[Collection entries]
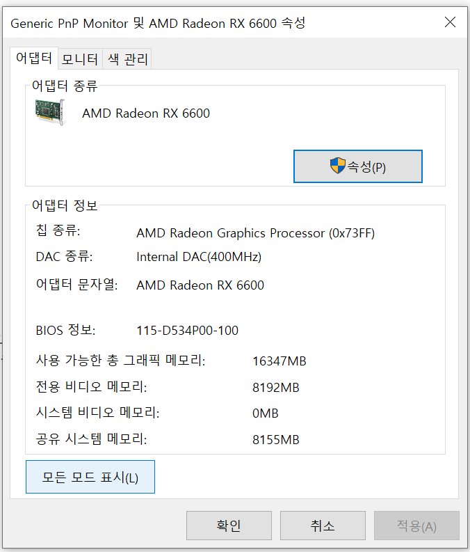 디스플레이 (x의) 어댑터 속성 표시를 클릭합니다.
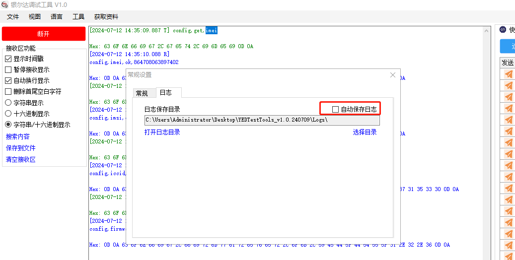 文件->常规设置->日志,勾选自动保存日志,可以自动保存接收区的数据到日志文件,每次打开软件后会自动按时间生产一个日志文件名并且保存。
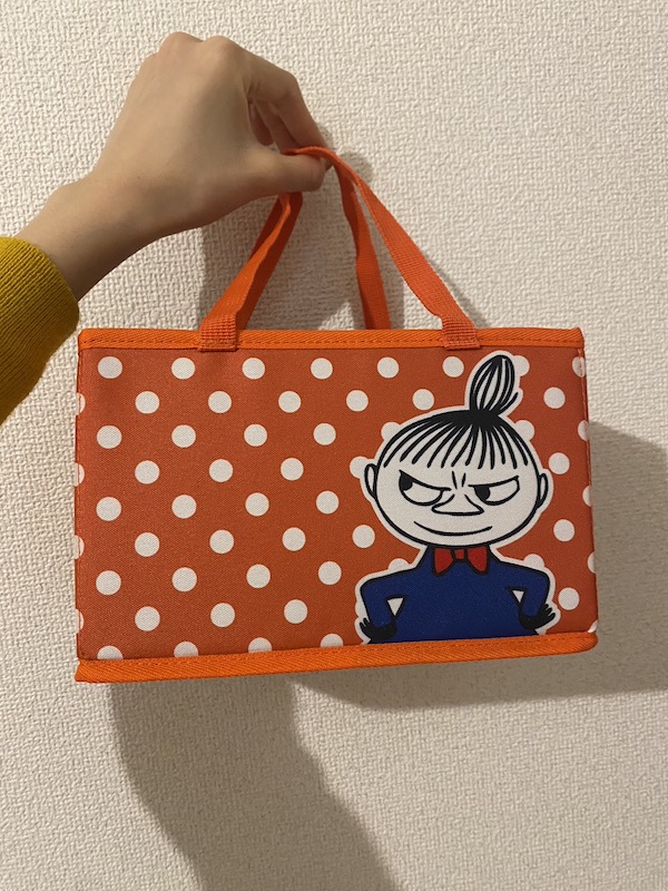 元気がでるオレンジにドット柄。表情の異なるリトルミイを両面にプリントしたキュートな仕上がりです。
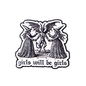 黑白女巫女孩英文字母语录胸针徽章服装背包配饰品跨境外贸现货
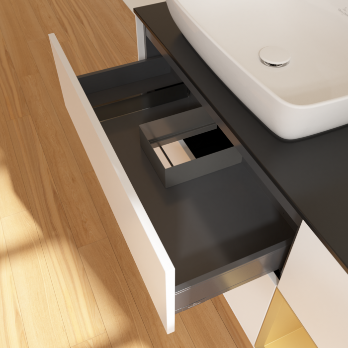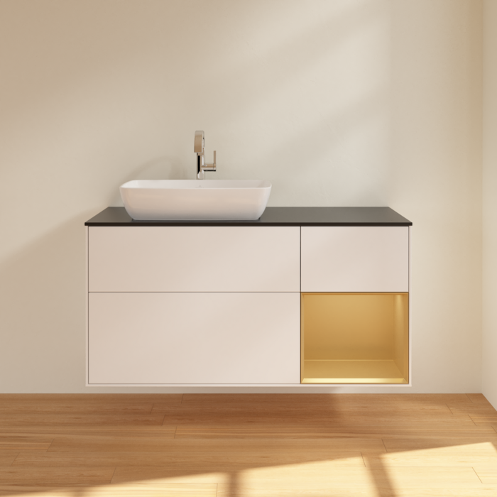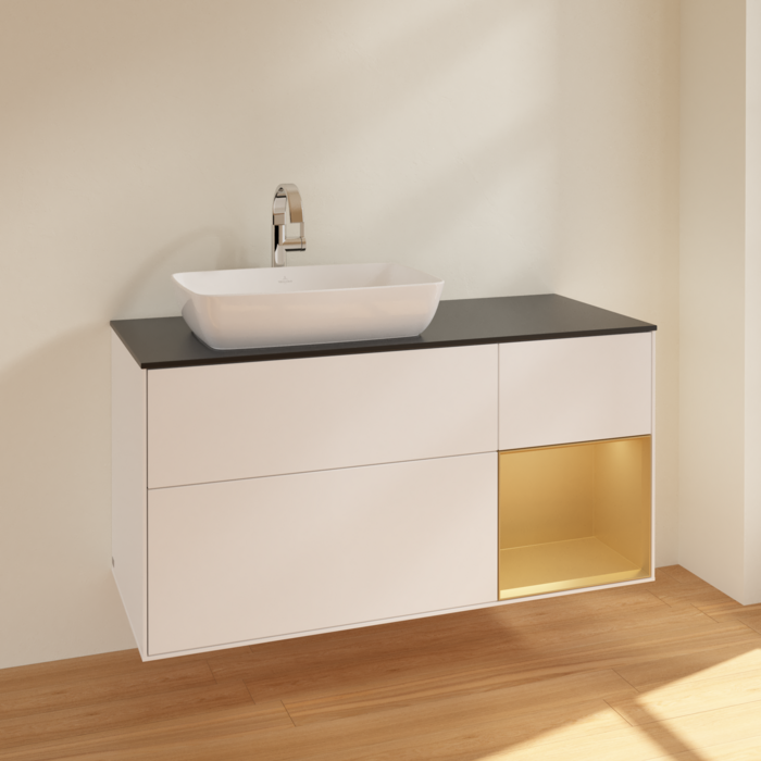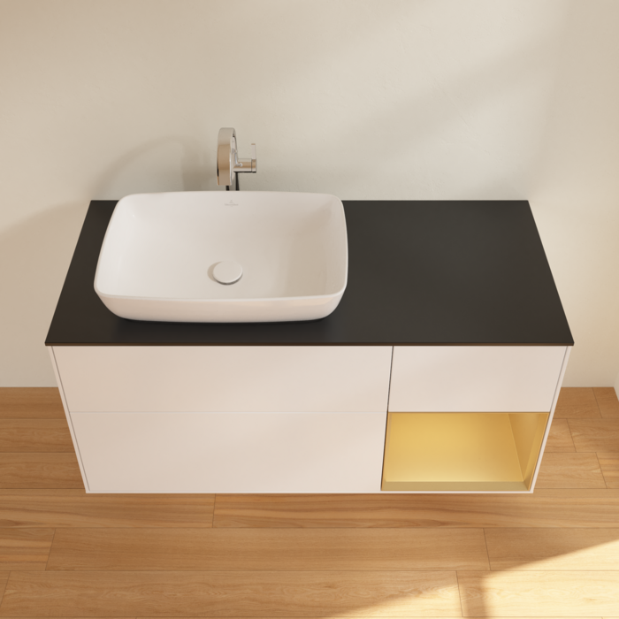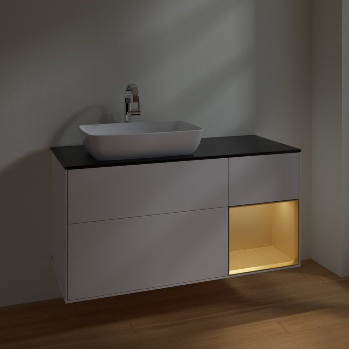 Тумба під раковину Villeroy & Boch Finion 120х50,1 см із підсвічуванням МДФ білий матовий лак/скло чорне матове F812HFMT
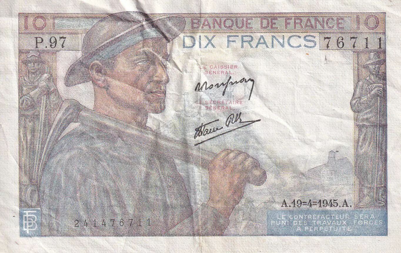 Home > > France 10 Francs - Mineur - 1945 - Serial P.97 - VF - P.99
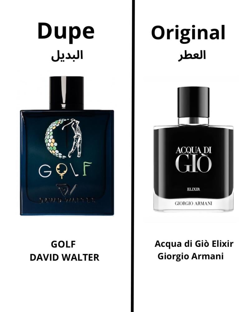 Golf by David Walter is a luxurious fragrance that offers a fragrance experience inspired by Armani L'Elixir , but with a warmer, more lingering touch. It opens with fresh spicy notes, a balanced floral-aromatic heart, and settles on a warm base of woods, amber, and vanilla for a powerful, unforgettable presence.
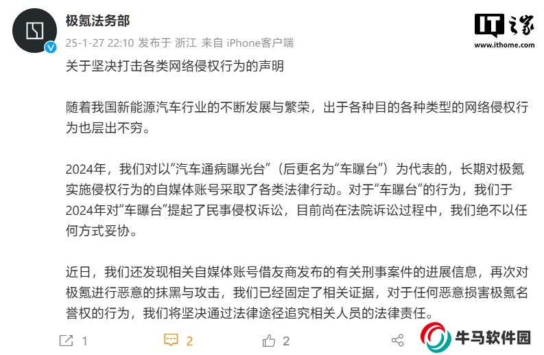 本站 1 月 27 日消息,在上周六晚間發(fā)布了一則聲明之后,極氪法務(wù)部今晚再度發(fā)聲:堅(jiān)決打擊各類網(wǎng)絡(luò)侵權(quán)行為。本站附聲明如下:關(guān)于堅(jiān)決打擊各類網(wǎng)絡(luò)侵權(quán)行為的聲明隨著我國新能源汽車行業(yè)的不斷發(fā)展與繁榮,

== What to do ==
Once the line with "Home > > France" is found above, transcribe each line from it through the line with "Golf by David", exactly, and omit the pictures.

== The completed task ==
 Home > > France 10 Francs - Mineur - 1945 - Serial P.97 - VF - P.99
 Golf by David Walter is a luxurious fragrance that offers a fragrance experience inspired by Armani L'Elixir , but with a warmer, more lingering touch. It opens with fresh spicy notes, a balanced floral-aromatic heart, and settles on a warm base of woods, amber, and vanilla for a powerful, unforgettable presence.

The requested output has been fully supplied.